Early in the third the Flames re-took the lead with two goals in 17 seconds coming courtesy of Tyler Toffoli and Trevor Lewis. A 4-2 lead in the third was something the Flames of last year had no problem putting away, but not on this night. Seattle got one back on the powerplay with Daniel Sprong finishing a nice bit of passing, but it was their fourth goal on an egregious turnover by Kadri to Yanni Gourde that changed the game.

He simply either didn’t see or lost track of the one forechecker who stripped him at the Flames blue line as the PP was attempting to rush into the attacking zone, and Gourde buried it on the breakaway.

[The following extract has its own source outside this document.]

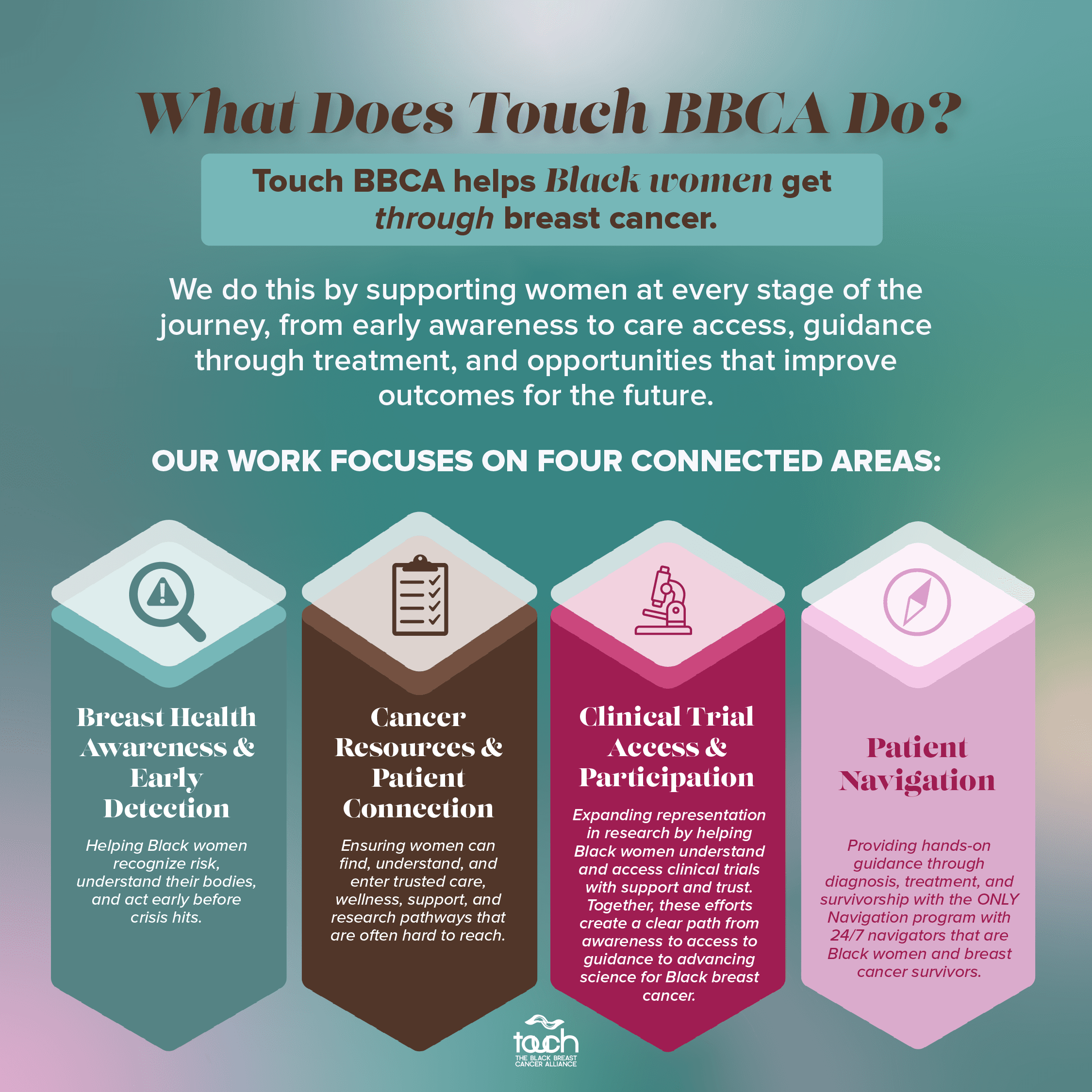 TOUCH was founded in 2020 by two Black breast cancer survivors who saw firsthand the critical need for breast cancer support and services specific to Black women. Since then, TOUCH has reached over 5 million people with programs ranging from monthly Black support groups to clinical trial education in Black communities to our HBCU Internship focused on Black Breast Health.

From there, Seattle took the lead for good on an odd man rush following a bad pinch and a terrible play from Lucic at the blue line as he wasn’t able to swat the puck from the speedy onrushing Kraken forwards. Jordan Eberle set up Matty Beniers and he finished to make it 5-4, Calgary never really sniffed the Kraken net again aside from a few not so dangerous chances.

Game Observations

  • After being very good at closing games out last year, the Flames have blown back-to-back games on home ice against a divisional opponent after holding third period leads
  • Much like the Edmonton game, it was self-inflicted wounds that caught the Flames. Seattle’s 2nd, 4th, and 5th goals came off of poor puck handling by the Flames and were completely avoidable plays
  • In particular the 2-2 goal in the second period feels like a backbreaker after the Flames were dominating the period prior to an ugly turnover from Zadorov leading to a 2-on-1
  • I don’t understand why Sutter felt the need to change all of the forward lines after one loss to Edmonton. Things just didn’t look settled tonight and ultimately it cost them two points.
  • Jonathan Huberdeau continues to struggle to settle into a role with the team. It’s not unexpected but it just seems like the fit hasn’t been found yet.
  • Dan Vladar ended up with a bad statline in this one, but he was really hung out to dry on all of Seattle’s goals. He also made a few big saves as well, and maybe you want your goalie to steal you one or two more saves on their goals, but I don’t pin this loss on him whatsoever.
  • Darryl Sutter has some serious work to do in getting his message across over the next few days as this loss really is just chalked up to sloppy hockey.

Flame of the Game

Chris Tanev (D): He was probably the only Flame who brought it from the start tonight, breaking up a number of very dangerous Seattle rushes.